The Text Repository [Get the Plug-in]

an archive of the complete text obtained through Optical Character Recognition is provided for those who want to use the content for research in indexing, text retrieval, natural language processing, sociology of science, the history of the NIPS research community, or other content analysis purposes.

In particular, any suggestion for a better search engine will be welcome.

Three formats are available:

plain ASCII text(12,036,830 bytes, 33MB uncompressed): thisgzipped tar file contains one directory for each volume, and one file for each article with the OCRed text in plain ASCII. The directory structure and file names are identical to their DjVu counterparts, except that the .djvu extensions are replaced by .txt.

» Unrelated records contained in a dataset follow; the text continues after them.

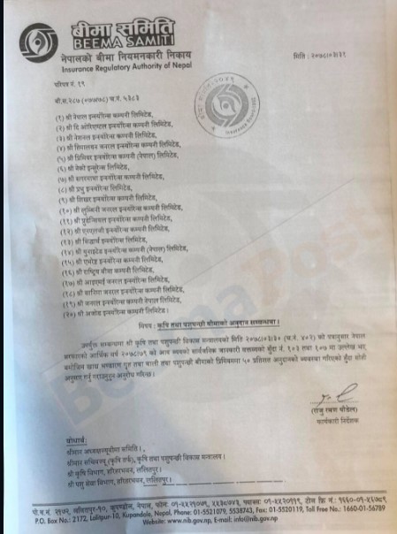 बीमा समितिले आज एक निर्देशिका जारी गर्दै कृषि मन्त्रालयको पत्रअनुसार नेपाल सरकारले चालु आर्थिक बर्षको आय व्ययको सार्वजनिक जानकारी वक्तव्य बुँदा नं १०३ तथा १०७ मा उल्लेख भए बमोजिम खाद्य भण्डार गृह तथा बाली तथा पशुपन्छी बीमाको प्रिमियममा ५० प्रतिशत अनुदानको व्यवस्था गरिएको हुँदा सो अनुसार अनुदान दिन आग्रह गरेको हो ।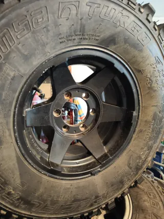 5 Neumáticos todoterreno insa turbo special track con llantas - Medidas: 315/75 R15 - Carga máxima: 1080 Kg (2270 LBS) - Presión máxima: 350 kPa (50 PSI) - Fabricados en España.
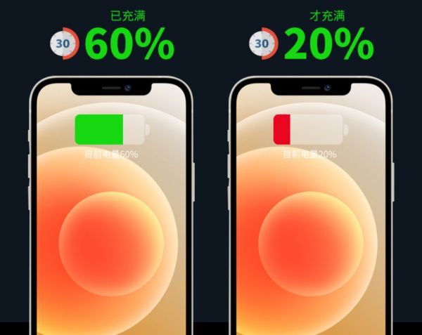 接下来就说说大家最关心的充电速度吧,aigo充电器20W快充版 AU1020充电前30分钟可充电约60%,而苹果原装5w充电器充电前30分钟可充电约20%。相比于苹果原装充电器的速度提升了整整3倍。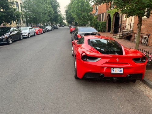 As GM mentioned last week, the East Village red Ferraris have multiplied. He went by the block yesterday and conveniently found them all on the same block.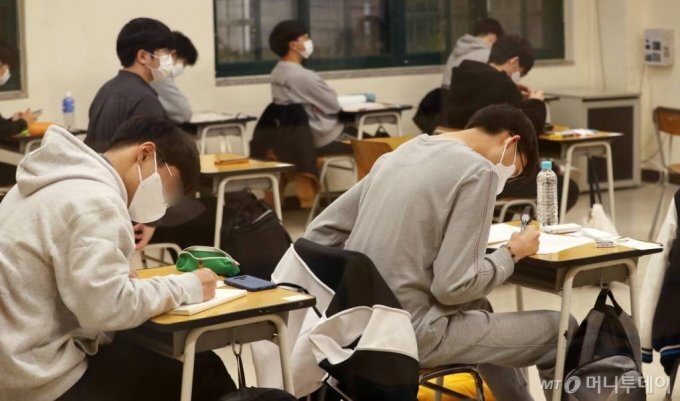 수능 점수가 필요하지 않은 학생들도 수능을 대비하는 학생들과 함께 수업을 받는다.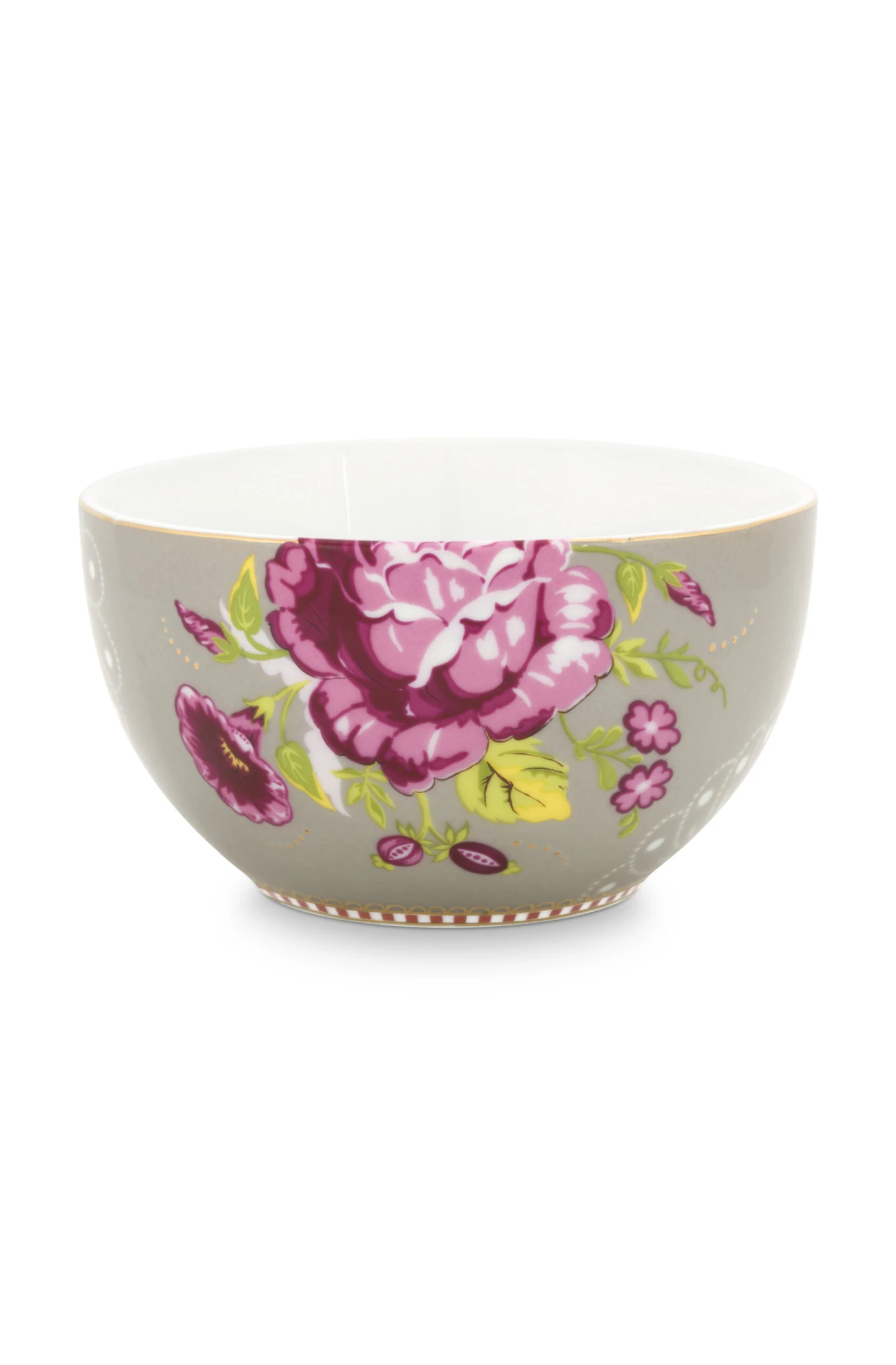 Diese schöne khakifarbene Schale wurde mit dem Early Bird Dessin dekoriert: ein Vogel, detaillierter Blütenprint auf Außen- und Innenseite, goldene Details und der typisch rot-weiß gestreifte Pip-Studio-Rand.

Lisp-like format(62,608,578 bytes 205MB uncompressed): this gzipped tar file contains one directory for each volume, and one file for each article with the OCRed text in an easily parsable Lisp-like format. The directory structure and file names are identical to their DjVu counterparts, except that the .djvu extensions are replaced by .lsp. Each file contains nested lists for pages, lines, and words, each of which is annotated by bounding box coordinates.

XML format(64,659,644 bytes, 350MB uncompressed): this gzipped tar file contains one directory for each volume, and one file for each article with the OCRed text in an XML-type format. The directory structure and file names are identical to their DjVu counterparts, except that the .djvu extensions are replaced by .xml. Each file contains nested tags for pages, columns, paragraphs, lines, and words. Words are annotated by bounding-box coordinates.